Josh loves tuna, while it absolutely makes my stomach turn. In fact, I can't even handle the smell of tuna from a distance. It always amazes me that people could place something that smells like that into their mouths (then again, I use fish sauce, so maybe that doesn't make sense). I knew that there was a tuna casserole recipe in TJOC and that it probably made quite a bit. So I made Quick Tuna Casserole (p.96). The recipe is easy--dump tuna into a bowl, dump other stuff including an enormous amount of peas in, some cream of mushroom soup, and some cooked macaroni. I have a hard time cooking with elbow macaroni--it always seems like I should be doing crafts with it.

I knew that Josh liked to crush potato chips and put them on top, so I was glad that the casserole had a crust (breadcrumbs and Parmesan cheese).

Cooking this was the best I could do. There was no way that I was eating it. So I only have secondhand knowledge of the taste. He said it was good but there were way too many peas in it. I had a bad feeling about that--it did seem that a disproportionate amount of peas were being included.

I also made Stir-Fried Garlic Chicken (p.439). I like garlic chicken when I'm at the Chinese restaurants. The recipe was easy...


You know, you should always read through a recipe before you start it. And I DID read through it. But I apparently misunderstood a vital part. In this recipe, you make a marinade and dump the chicken into it (no problem). Then you make a hoisan sauce mixture (no problem). But you still have a bunch of other ingredients. I thought I was supposed to mix them together.

I wasn't. So I have this bowl with chicken broth, snow peas, onions, garlic, ginger, and scallions all mixed and they aren't supposed to be. It totally reminded me of the Simpson's episode where Marge is "untossing" the salad before putting it in the refrigerator. So I pick out the pea pods and onions and put them in separate small bowls. I strain out the broth. But there is no way I can separate the garlic and problem, they are added together. The scallions are just going to have to be ignored.
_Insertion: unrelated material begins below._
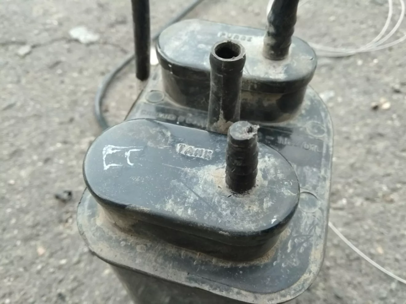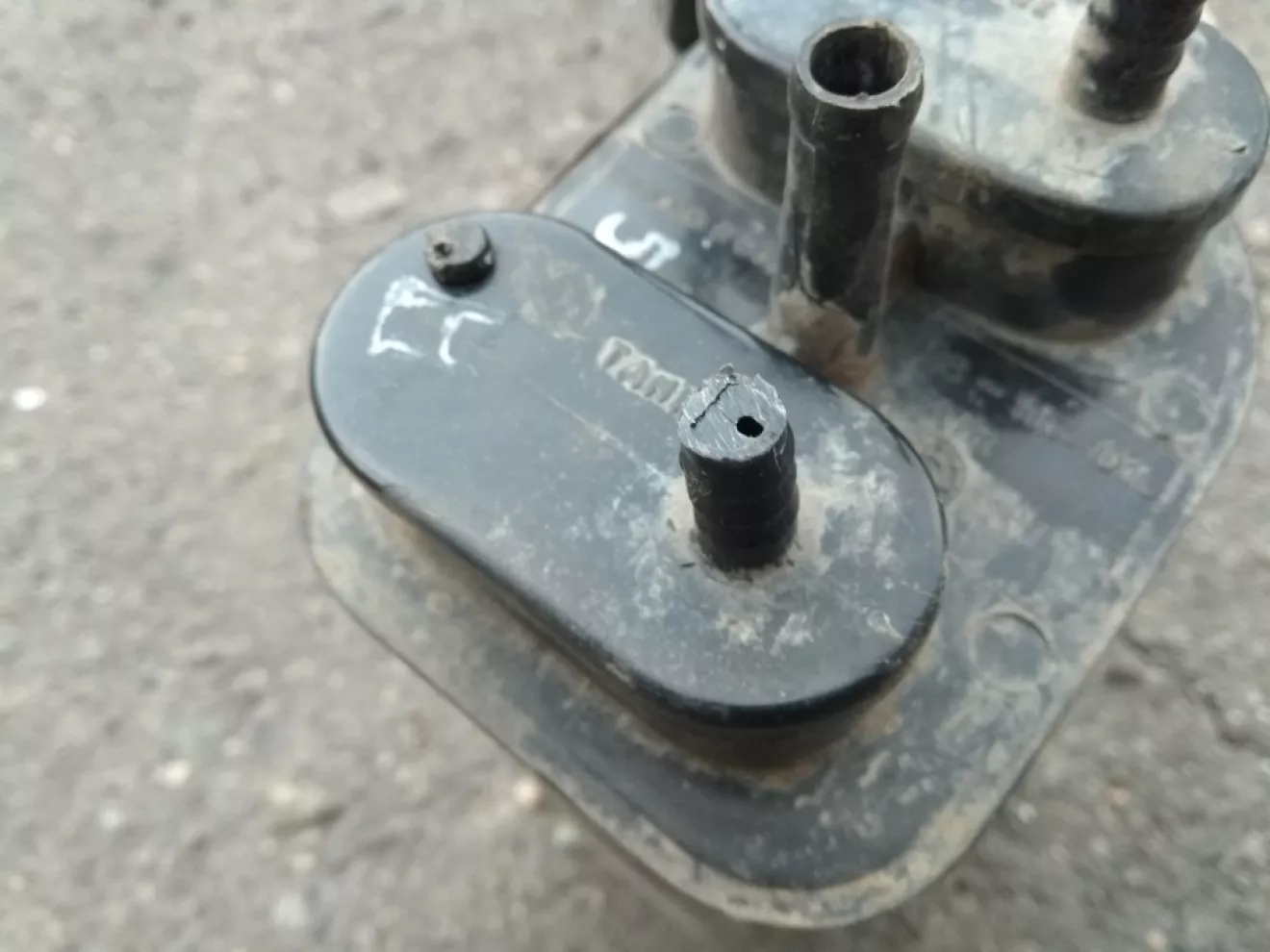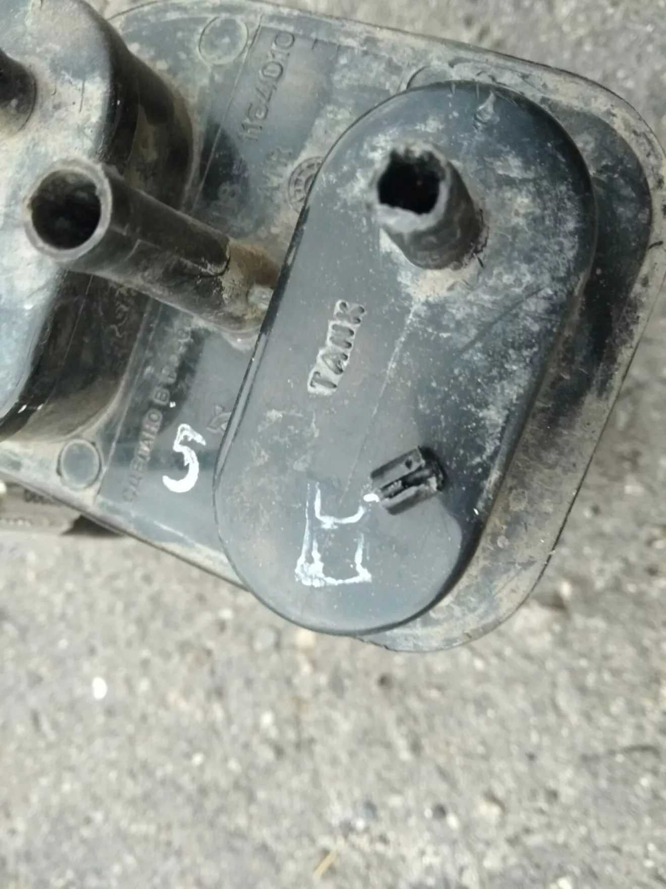 Ура! Победа! Решено! Наконец-то это случилось. Очень интересная история. Долго я боролся с "ПШИКОМ " из бака, есть записи в журнале. На этот раз решил дойти до адсорбера, трубка шедшая к нему от сепаратора не продувалась ни ртом ни насосом, была даже попытка проволокой пробить -но все без успешно. Доставал адсорбер сам, без полного снятия бака, за часа 3 справился. Достав хотел уже его разбить из злости, но покрутив в руках услышал как внутри пересыпается уголь и тут я начал догадываться. Отрезав трубку у штуцера с надписью TANK я увидел это … Полностью запаянный штуцер! Заводской брак? Получается что система ни разу с завода (2006г.) не работала, пока я до неё не дошел. Срезав пару слоев пластмассы и разковыряв отверстие, стал думать чем заменить трубку, ведь пластмассовой не найти да и не запрессовать. Купил трубку ПВХ, синюю, прозрачную, других не было . Установка тоже не из лёгких. Вот так, кто бы мог подумать)

It was good! Seemed to have too much liquid but maybe that's the way it's supposed to be. I used thighs because I like meat to have flavor--but you could use chicken breast if you like your meat bland.

1 comment:

  1. Your mishap with the ingredients for the stir-fried garlic chicken sounds and awful lot like my regular cooking experiences. I can read and re-read a recipe but pretty much forget what I'm doing the moment I start cooking!